Project Serum is the crypto world’s latest decentralized exchange (DEX). Unlike other protocols involved in decentralized finance, Project Serum is built utilizing a blockchain unrelated to Ethereum. Serum was in testing up through August of this year, but has since been unveiled to the public for trade use.

One of the unique things about Project Serum is that it is fully permissionless, according to its website, and it is looking to solve many of the centralization problems that often appear in the world of DeFi. Traders are free to use the exchange at their own will. In addition, the exchange boasts low fees and fast trades, with transactions allegedly taking mere seconds to complete.

Some of the reasons for Project Serum’s adoption is that it runs on a blockchain that is completely compatible with both Bitcoin and Ethereum, something that’s rarely seen in the DeFi space. This gives Project Serum a huge advantage in that it allows traders to engage in transactions involving currencies other than ERC-20 tokens.

Furthermore, the company does not employ know your customer (KYC) protocols, meaning every person participating in the project remains fully anonymous. All these elements combined create an environment of trustless cross-chain trading.


Users that hold $SRM or SRM token, the platform’s native cryptocurrency, can take part in the governance system through staking, nodes and voting protocols. Nodes work to optimize Serum’s platform to ensure it remains efficient and in top shape for all users. They also are responsible for managing the company’s insurance fund and for submitting blockchain histories.

Users can start a Serum node by staking ten million SRM and one MegaSerum (MSRM).
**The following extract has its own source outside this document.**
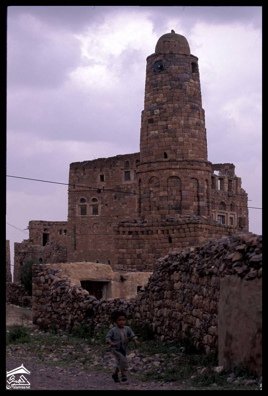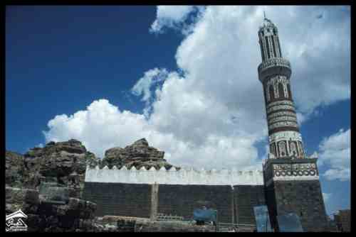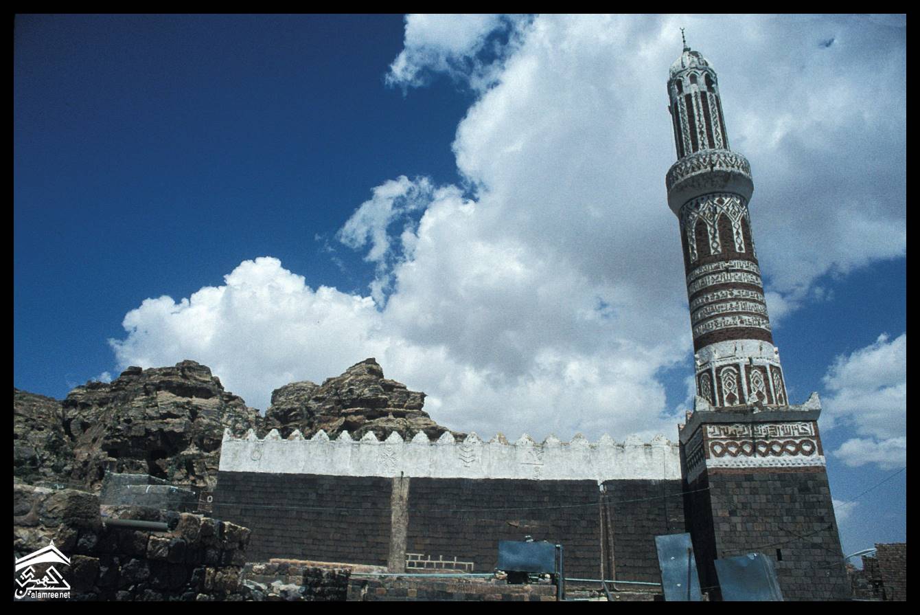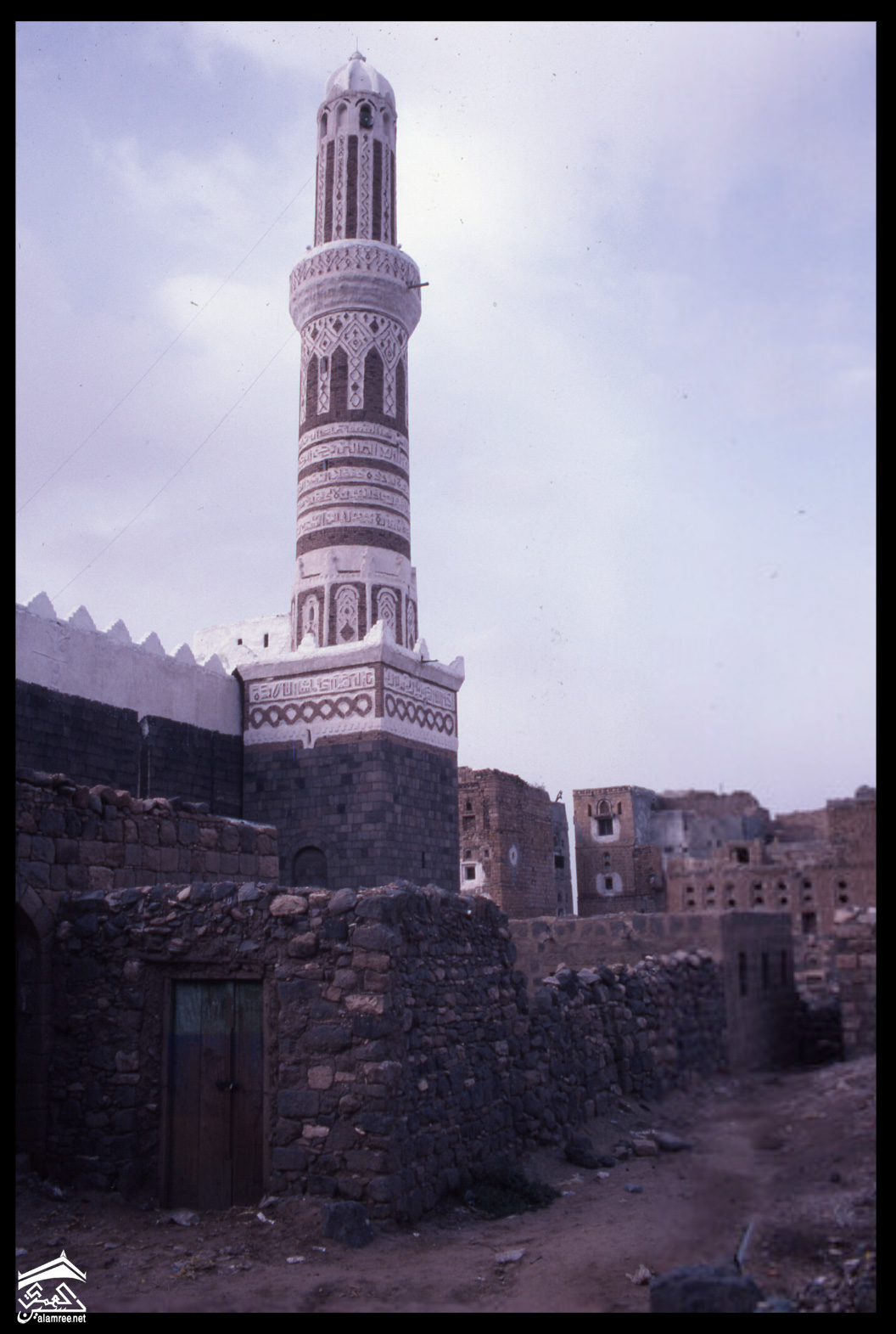اليمن - شبام - منظر خارجي للجامع الكبير ومئذنته مع نقوش تصوير بول بونينفانت عام 1996م

Nodes are often used to suggest changes to Serum’s present rules. To suggest a change, a community member must submit 50,000 worth of SRM. This is taken from the node’s asset pool.
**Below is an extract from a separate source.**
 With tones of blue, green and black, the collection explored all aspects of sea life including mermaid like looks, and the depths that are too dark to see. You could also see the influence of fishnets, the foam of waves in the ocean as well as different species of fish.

Should the change be made, the money is not returned. Otherwise, if the alteration fails to garner approval, the money is burned or removed from commission. 60% of the total staked SRM is required if the change is to be incorporated.


The SRM token is often used to pay for fees on the company’s platform. Just by holding SRM in their online accounts, customers can experience 50% lesser fees on all future trades, making the company similar with Binance, the world’s largest and most popular cryptocurrency exchange, and how it utilizes its native BNB token. Users who hold SRM can also participate in the platform’s many token burns and receive portions of any related fees.

Node operators garner SRM staking rewards depending on how well their nodes perform. If they don’t have enough SRM tokens in their wallets to host their own nodes, they can stake towards another user’s node and thus rake in small portions of the rewards in relation to that node.


Distribution of SRM tokens is as follows: approximately 20% of the total goes to team members and advisors of Project Serum. 22% of the tokens go to project contributors, while 27% is locked away in a partner and collaborator fund. Another 27% goes to an ecosystem incentive fund, while the remaining 4% of tokens go to locked seed and auction purchasers.



Sushi is one of the newest DeFi platforms to come about, first establishing itself on August 26 of this year through a hard fork of Uniswap. The venture’s founder, much like Satoshi Nakamoto of bitcoin fame, operates under a pseudonym. At the time of writing, he (or she) is known simply as “Chef Nomi.”

Up through late August, the company’s smart contracts hadn’t been audited, though Nomi later mentioned in a tweet that Quantstamp, a blockchain security protocol, was looking to conduct the first audit. It was later revealed that Quantstamp only did a review of the company, while PeckShield performed the audit.

How It Works

Sushi, otherwise known as SushiSwap, is a DeFi protocol that despite being brand new to the DeFi arena, has already moved beyond the $1 billion mark in total value. Sushi is the result of a Uniswap fork. The company is swiftly garnering value and liquidity from Uniswap. Thus far, more than 75% of its total assets have been aggregated, according to data from asset monitor Zippo.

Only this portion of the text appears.